### Source data
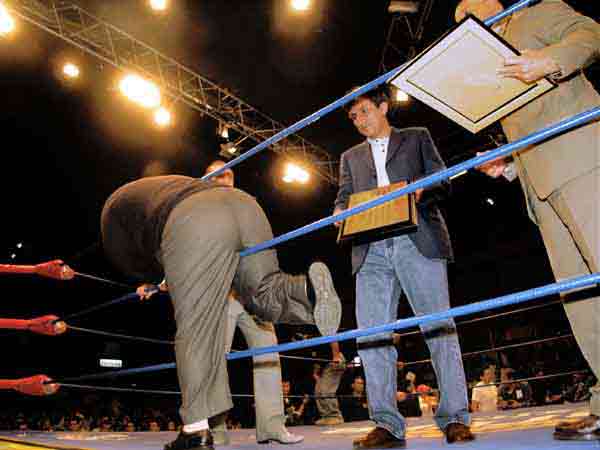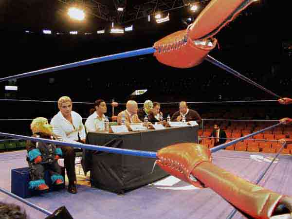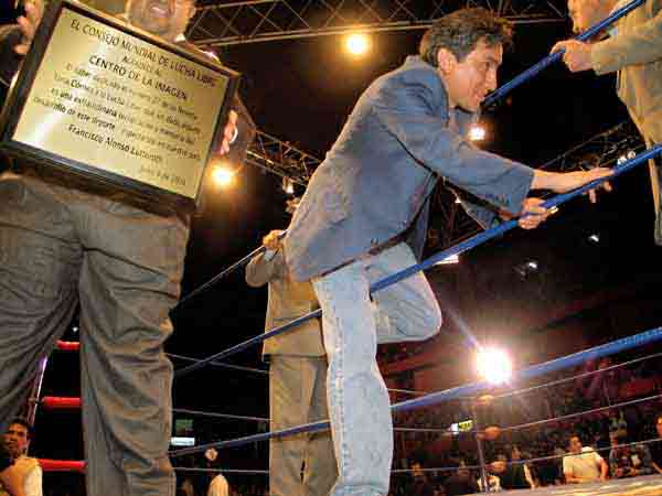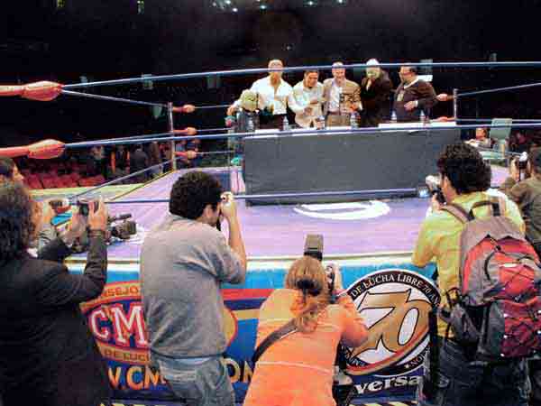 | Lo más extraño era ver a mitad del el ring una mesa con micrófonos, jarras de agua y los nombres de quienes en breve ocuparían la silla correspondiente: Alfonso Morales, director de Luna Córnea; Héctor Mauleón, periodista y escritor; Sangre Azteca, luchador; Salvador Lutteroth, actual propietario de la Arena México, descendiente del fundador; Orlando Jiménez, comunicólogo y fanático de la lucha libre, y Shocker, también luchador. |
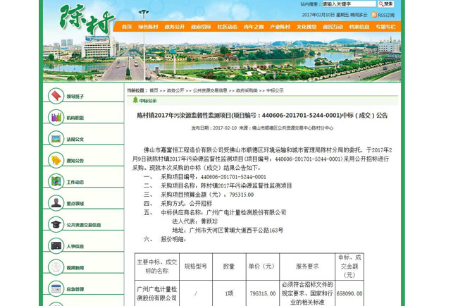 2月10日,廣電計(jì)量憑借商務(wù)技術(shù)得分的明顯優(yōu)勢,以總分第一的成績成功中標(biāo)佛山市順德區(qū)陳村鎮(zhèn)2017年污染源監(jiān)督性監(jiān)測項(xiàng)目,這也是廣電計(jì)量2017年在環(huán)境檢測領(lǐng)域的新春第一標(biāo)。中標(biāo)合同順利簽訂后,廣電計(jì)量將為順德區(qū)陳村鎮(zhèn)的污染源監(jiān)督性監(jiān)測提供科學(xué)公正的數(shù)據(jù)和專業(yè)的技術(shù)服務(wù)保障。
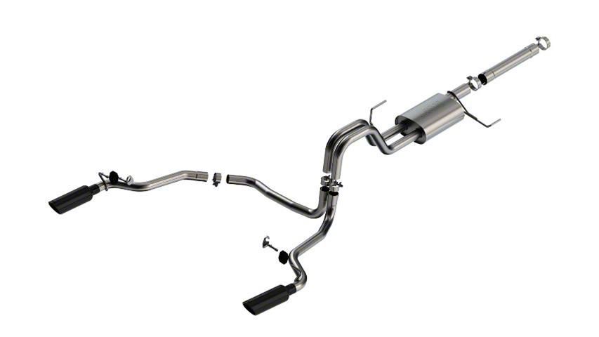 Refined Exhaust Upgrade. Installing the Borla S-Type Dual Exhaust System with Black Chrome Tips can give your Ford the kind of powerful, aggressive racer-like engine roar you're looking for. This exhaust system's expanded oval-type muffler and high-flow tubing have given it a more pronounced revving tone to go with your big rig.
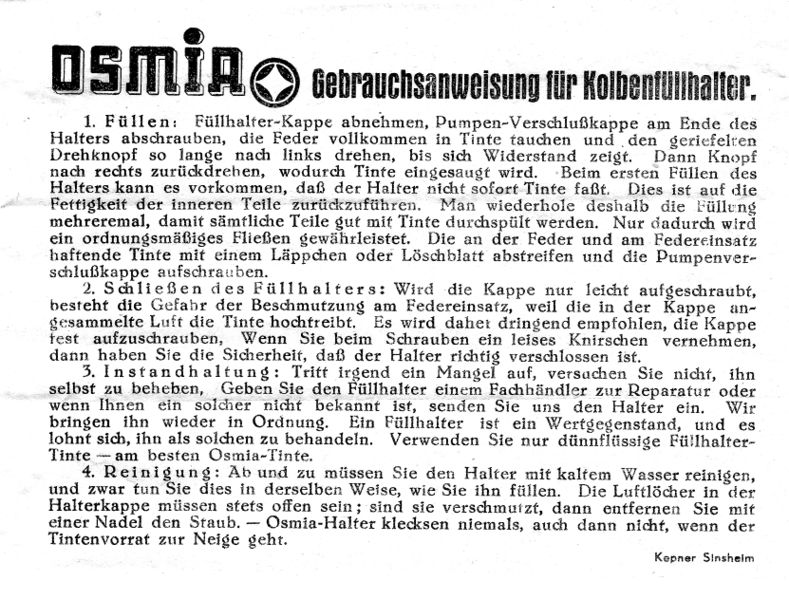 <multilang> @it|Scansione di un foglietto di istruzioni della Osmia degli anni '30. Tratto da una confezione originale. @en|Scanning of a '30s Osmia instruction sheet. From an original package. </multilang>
--
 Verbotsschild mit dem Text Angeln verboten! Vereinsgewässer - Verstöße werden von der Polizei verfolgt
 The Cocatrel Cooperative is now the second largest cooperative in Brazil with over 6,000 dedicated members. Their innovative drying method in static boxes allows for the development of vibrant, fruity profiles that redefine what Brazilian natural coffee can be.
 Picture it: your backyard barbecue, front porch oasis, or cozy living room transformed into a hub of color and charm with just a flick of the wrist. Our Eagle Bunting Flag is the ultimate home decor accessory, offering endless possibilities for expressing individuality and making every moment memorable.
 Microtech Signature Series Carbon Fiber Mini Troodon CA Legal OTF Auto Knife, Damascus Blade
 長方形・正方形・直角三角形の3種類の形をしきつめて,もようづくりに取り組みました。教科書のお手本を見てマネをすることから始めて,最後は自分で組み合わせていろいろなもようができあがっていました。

### Your goal
Within the listing above, the range opens at the line with "Picture it: your" and closes at the line with "長方形・正方形・直角三角形の". Reproduce exactly the lines of that range, including both ends.

### The completed task
 Picture it: your backyard barbecue, front porch oasis, or cozy living room transformed into a hub of color and charm with just a flick of the wrist. Our Eagle Bunting Flag is the ultimate home decor accessory, offering endless possibilities for expressing individuality and making every moment memorable.
 Microtech Signature Series Carbon Fiber Mini Troodon CA Legal OTF Auto Knife, Damascus Blade
 長方形・正方形・直角三角形の3種類の形をしきつめて,もようづくりに取り組みました。教科書のお手本を見てマネをすることから始めて,最後は自分で組み合わせていろいろなもようができあがっていました。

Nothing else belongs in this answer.